The value of α is very close to one, showing that the level reacts strongly to each new observation.
fit_damped %>%
forecast(h = 10) %>%
autoplot(tsibble_pdx)+
labs(title = "Portland, OR, House Prices",
x = " ") +
theme_minimal()
## `mutate_if()` ignored the following grouping variables:
## • Column `year_month`
The resulting forecasts look sensible with decreasing trend, which
flattens out due to the value of the damping parameter (0.944), and
relatively wide prediction intervals reflecting the variation in the
historical data.
tsibble_pdx %>%
features(Price, unitroot_kpss)
## # A tibble: 1 × 3
## RegionName kpss_stat kpss_pvalue
## <chr> <dbl> <dbl>
## 1 Portland, OR 2.50 0.01
The p-value is reported as 0.01 if it is less than 0.01, and as 0.1 if it is greater than 0.1. In this case, the test statistic (2.50) is bigger than the 1% critical value, so the p-value is less than 0.01, indicating that the null hypothesis is rejected. That is, the data are not stationary. We can difference the data, and apply the test again.
tsibble_pdx %>%
features(Price, unitroot_ndiffs)
## # A tibble: 1 × 2
## RegionName ndiffs
## <chr> <int>
## 1 Portland, OR 1
As we saw from the KPSS tests above, one difference is required to make the Portland data stationary.

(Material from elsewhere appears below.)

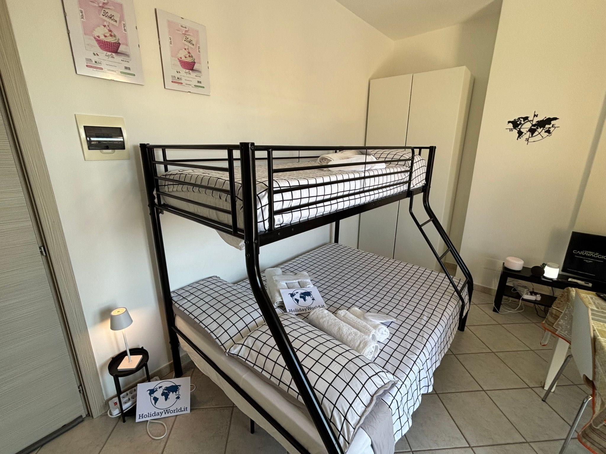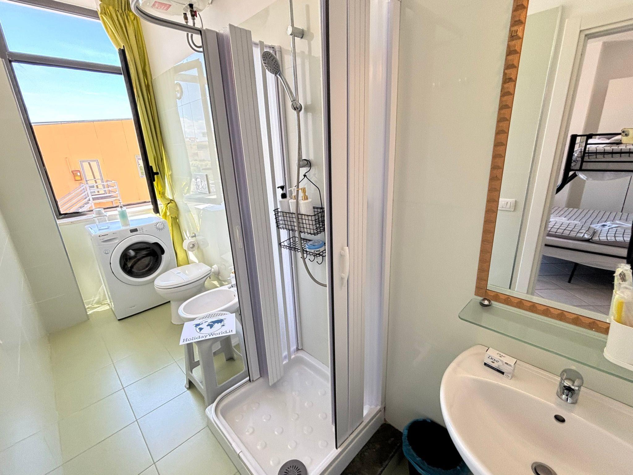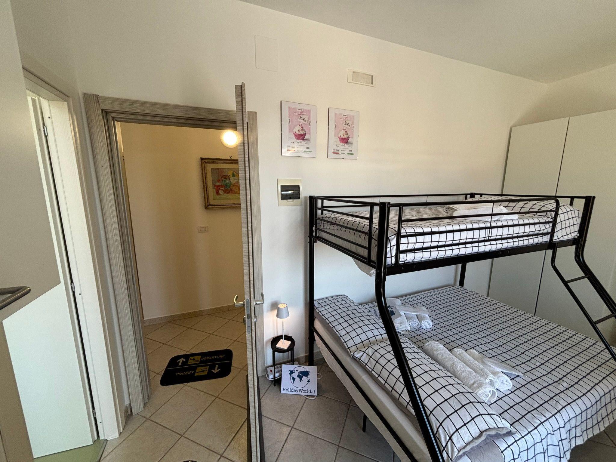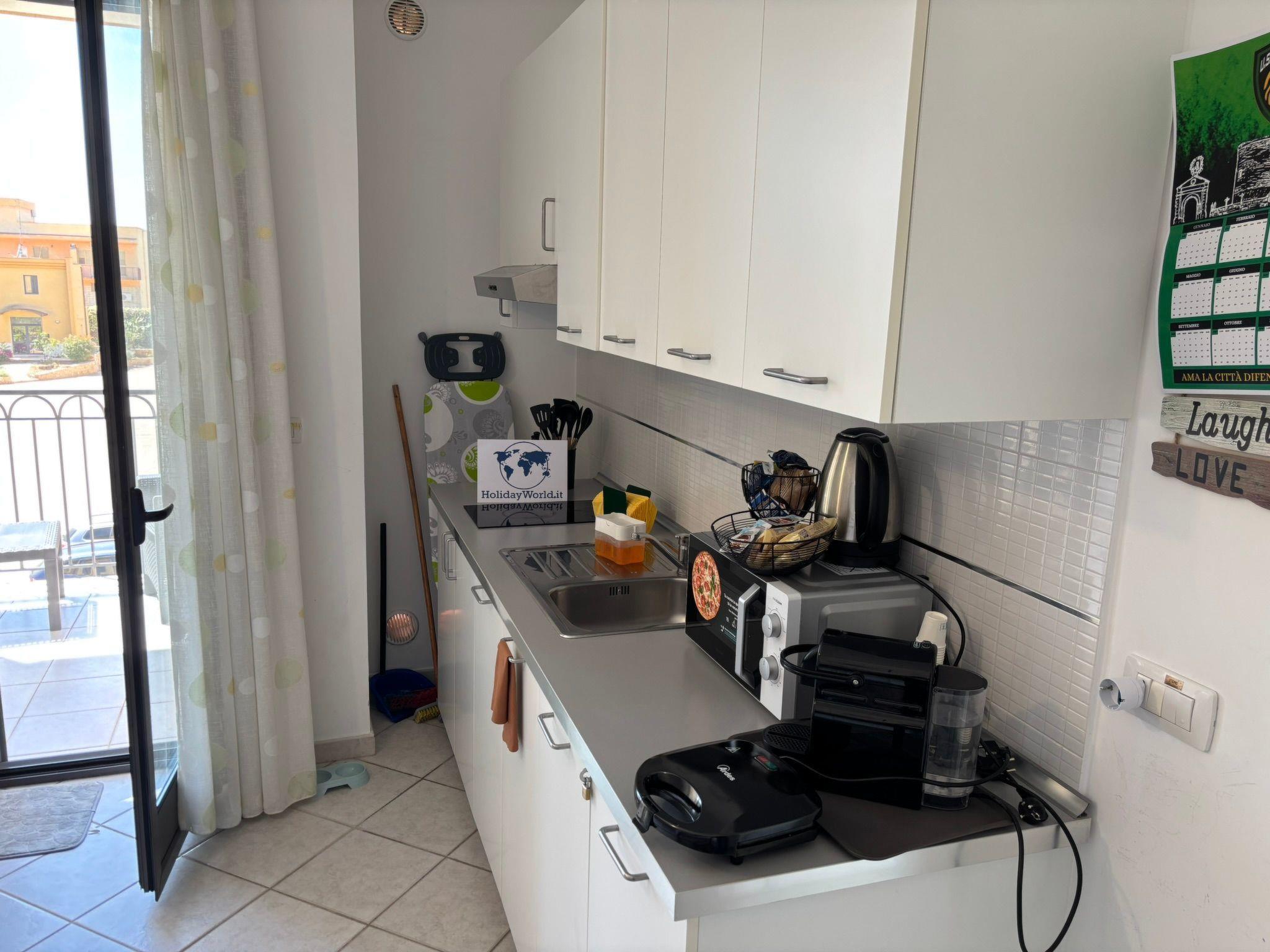 Located on the first floor, the flat is designed to offer you a true all-round hospitality experience, where simplicity and technology blend with Mediterranean warmth. You will find a bright living area, an equipped kitchenette, a functional dining area, a sleeping area with a double bed and a bunk bed, air conditioning and a smart TV. The private bathroom is complete with shower and bidet. The private balcony, overlooking nature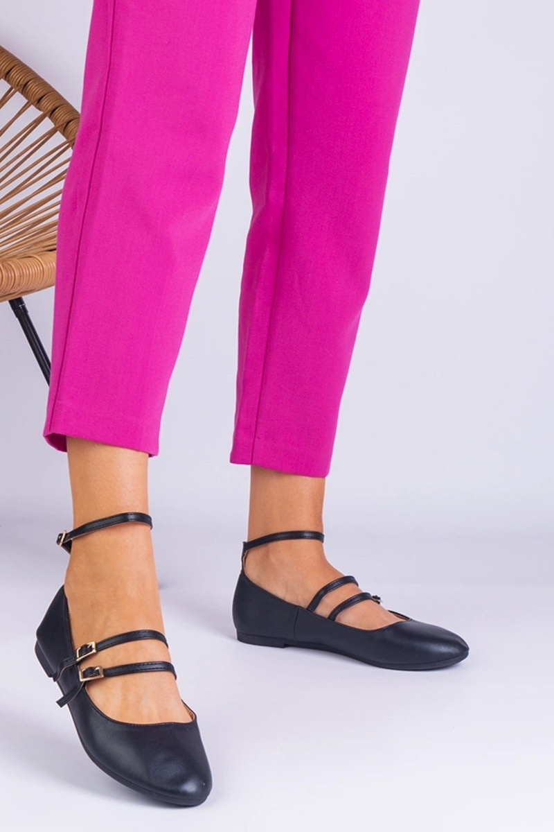 Juodos balerinos iš dirbtinės odos su sagtimis Vitoldora

The following R code selects a non-seasonal ARIMA model automatically.
fit_arima <- tsibble_pdx %>%
model(ARIMA(Price))
report(fit_arima)
## Series: Price
## Model: ARIMA(2,1,0)(0,0,2)[12] w/ drift
##
## Coefficients:
## ar1 ar2 sma1 sma2 constant
## 1.4839 -0.6566 -0.2862 -0.2478 505.1575
## s.e. 0.0677 0.0699 0.1192 0.1303 51.8211
##
## sigma^2 estimated as 1156456: log likelihood=-1084
## AIC=2180 AICc=2180.69 BIC=2197.16
fit_arima %>% forecast(h=10) %>%
autoplot(tsibble_pdx)+
theme_minimal()
## `mutate_if()` ignored the following grouping variables:
## • Column `year_month`
tsibble_pdx %>%
gg_tsdisplay(difference(Price, 12) %>% difference(),
plot_type='partial', lag=36)+
labs(title = "Double differenced", y="")
## Warning: Removed 13 row(s) containing missing values (geom_path).
## Warning: Removed 13 rows containing missing values (geom_point).
fit <- tsibble_pdx %>%
model(
arima012011 = ARIMA(Price ~ pdq(1,1,0) + PDQ(0,0,1)),
arima210002 = ARIMA(Price ~ pdq(2,1,0) + PDQ(0,0,2)),
auto = ARIMA(Price, stepwise = FALSE, approx = FALSE)
)
glance(fit) %>% arrange(AICc) %>% select(.model:BIC)
## # A tibble: 3 × 6
## .model sigma2 log_lik AIC AICc BIC
## <chr> <dbl> <dbl> <dbl> <dbl> <dbl>
## 1 auto 953723. -1071. 2157. 2159. 2180.
## 2 arima210002 1156456. -1084. 2180. 2181. 2197.
## 3 arima012011 1951955. -1117. 2243. 2243. 2254.